As for the UV it only kills the parasites that travel through it, not the ones that stay in the display. I know that it would keep the numbers down but I don't think that it's a very long term cure.
 

AQTCJAK

RS Sponsor
Tropical Science Ichtinguisher is a great product it works & it is reef safe & will not harm anything in your tank except ich
 

Kirblit

Active Member
Isn't that a preventative medication for Ich, not a treatment?
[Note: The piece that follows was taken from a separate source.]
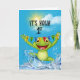 Grüner Frosch mit Geburtstagsbanner, der aus blauem Wasser auf Himmelshintergrund springt, für den 1. Geburtstag eines Kindes.

Or is it a treatment as well?
 

michael_cb_125

Well-Known Member
I have always found (at least with my tanks) that if a fish maintains an appetite, and shows normal behavior, they will fight off any ick they may contract. Ick is opportunistic, it usually only shows up when fish are stressed. So you may want to look into the stress factors on your fish. Something else may be stressing your fish, which in turn weakens the immune system.
 

Kirblit

Active Member
Where can you find the Tropical Science Ichtinguisher? I did some searches but nothing came up but another thread you mentioned it in.
 

lcstorc

Well-Known Member
QT with hyposalinity or copper while leaving the display free 6 - 8 weeks is the only cure. Do you have any extra bio-media in your sump you could steal for the qt? Bio-balls, sponges, anything like that. They can help with the cycle in the qt but you are not going to be able to avoid a large number of water changes using an uncycled qt tank. Sorry, that is just something that will have to be dealt with. Test daily if not twice a day and do water changes at the first sign of amonia. If you can, keep the qt in a quiet dark spot to minimize stress and give them some pvc or something to hide in.
From what I have read hyposalinity is less stressfull than the copper plus the tank can then be re-used later for another purpose. Remember hyposalinity is 1.009. Lower the salinity in the qt slowly to further reduce the stress factor but that is where it needs to be to kill the parasite.
HTH
 

Kirblit

Active Member
Do you think that that many fish in a 55 will be feasible because two are tangs that are about 4 inches each? Hypo is what I want to do but I don't have any bio balls or any sponges in my sump that I can use. If I put some in there how long do you think that it will take for them to be seeded enough to be a decent filter?
 

lcstorc

Well-Known Member
Even if you had them they will just be a help. They won't eliminate the cycle regardless. I even went so far as to buy LR for my QT and still had amonia through the roof and was doing 2 50% water changes a day. Unfortunately it is just something that the tank has to go through.
You could start cycling the qt and hope the fish have enough of an immunity to hold on until it is ready. It would be risky IMO but if they are all eating and acting normally it is worth thinking about anyway.
They should be fine in that size tank short term.
 

Kirblit

Active Member
How long do fish usually survive with the Ich before they succumb to the parasite because I would like to get the QT somewhat cycled before putting them in? Should I put them in the tank in increments or just add them all at once? I obviously wouldn't start the hypo until all of them are in it however.
 

lcstorc

Well-Known Member
It all depends on how healthy the fish are and how bad the infection is. I have never heard a time line.
 

michael_cb_125

Well-Known Member
I am not 100% sure, but I think that once a fish gets ick, it always has it. Its just a case of whether or not the fish suffer from an outbreak. Kinda like ring worm in mammals. As long as the fish are eating well, and acting normally, the ick should dissipate. Someone correct me if I am wrong.